No painel “Massificados: Os Seguros Coletivos e a Proteção dos Ativos das Organizações (Vida, Auto)”, Igor Di Beo, vice-presidente de Vida e Resseguros do Grupo HDI, lembrou que, para esse segmento, o marco legal não deve gerar grandes incertezas. “As regras já são claras e compatíveis com a dinâmica dos produtos massificados”, afirmou.

 

O executivo destacou, porém, o potencial de crescimento no seguro de vida. O mercado brasileiro representa menos de 1% do PIB, contra quase 5% nos Estados Unidos e 8% no Reino Unido. Pesquisa FenaPrevi/Datafolha (2024) mostra que 96% dos brasileiros já ouviram falar no produto, mas 82% não possuem apólice e 72% nunca contrataram.
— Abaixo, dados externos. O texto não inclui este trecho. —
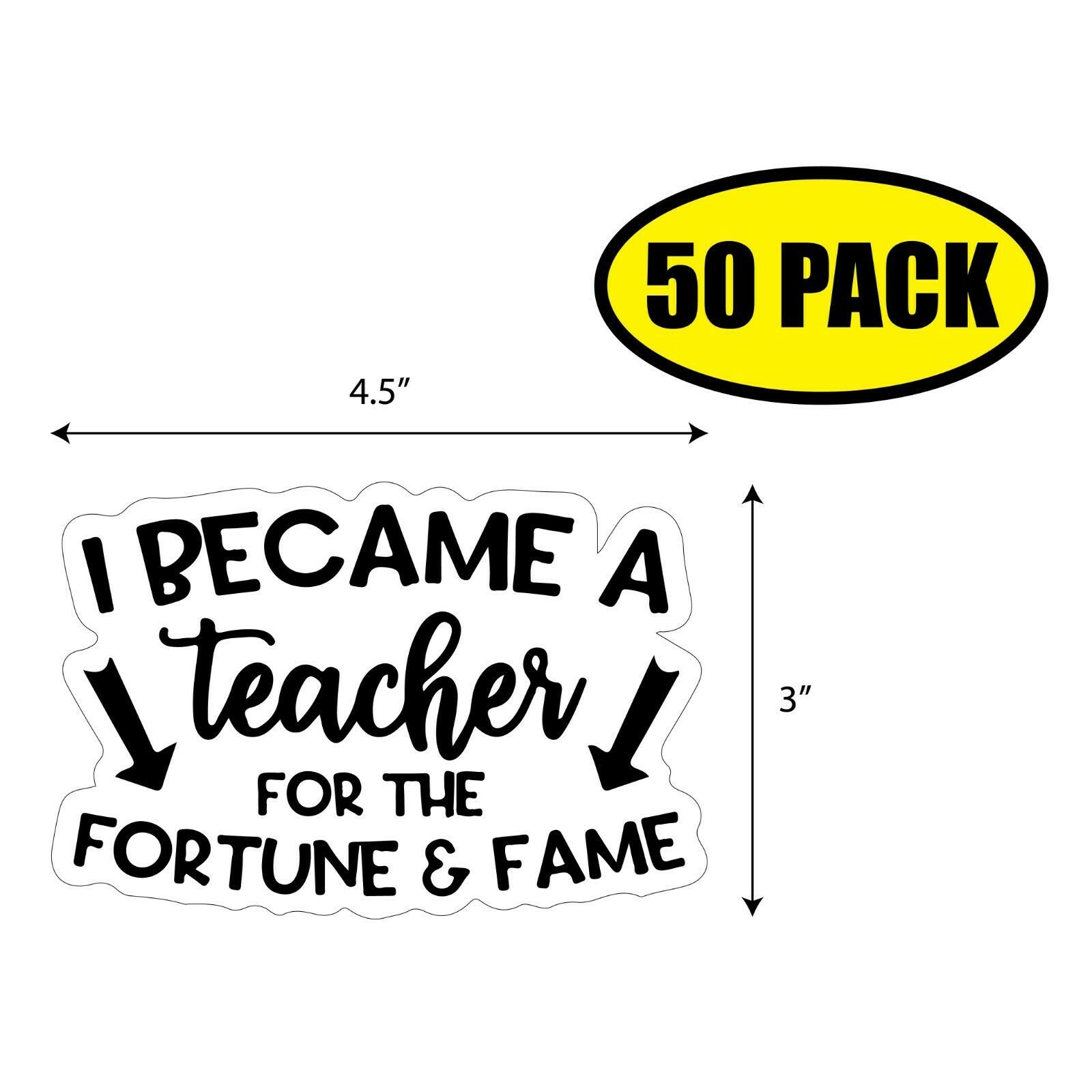 50 PACK 4.5" x 3" BECAME A TEACHER FAME Sticker Decal Humor Funny Gift VG0058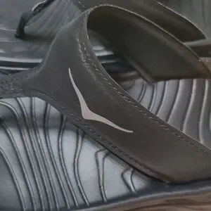 Plush, post-workout relief. You just gave it all in that race and now your feet need some care, pronto. They put a HOKA oversized midsole and Meta-Rocker geometry into a flip flop and improved the toe straps with a more anatomically friendly fit. It hugs the foot and provides sleek comfort and support. Your tired feet just got rescued. Used only for a photo shoot, see all pics for reference.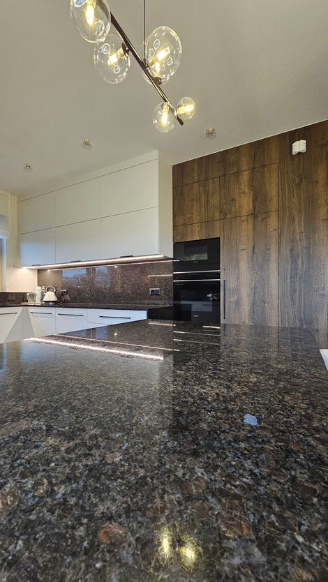 Blaty oraz okładziny wykonane zostały z naturalnego granitu, który zachwyca trwałością i ponadczasowym wyglądem.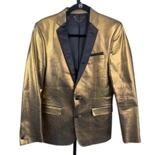 ASOS Metallic Gold Black Tuxedo Blazer Jacket Men's Size Small Slim Fit

Entre as coberturas mais valorizadas estão indenização por invalidez, doenças graves e morte, enquanto benefícios como assistência funeral e check-up médico ganham apelo comercial.

 

Di Beo também ressaltou o papel do “capital global” em apólices coletivas, que define o valor máximo de indenização para todo o grupo segurado. Essa configuração, disse, permite equilíbrio entre custo e cobertura, simplifica a gestão para empresas e viabiliza ajustes periódicos conforme o perfil dos segurados.

 

O consenso entre os participantes é que a lei inaugura um ciclo de ajustes operacionais, aprendizado e investimento em capacitação. Como resumiu Rafaela Barreda: “Erraremos, melhoraremos e aprimoraremos com as mudanças”.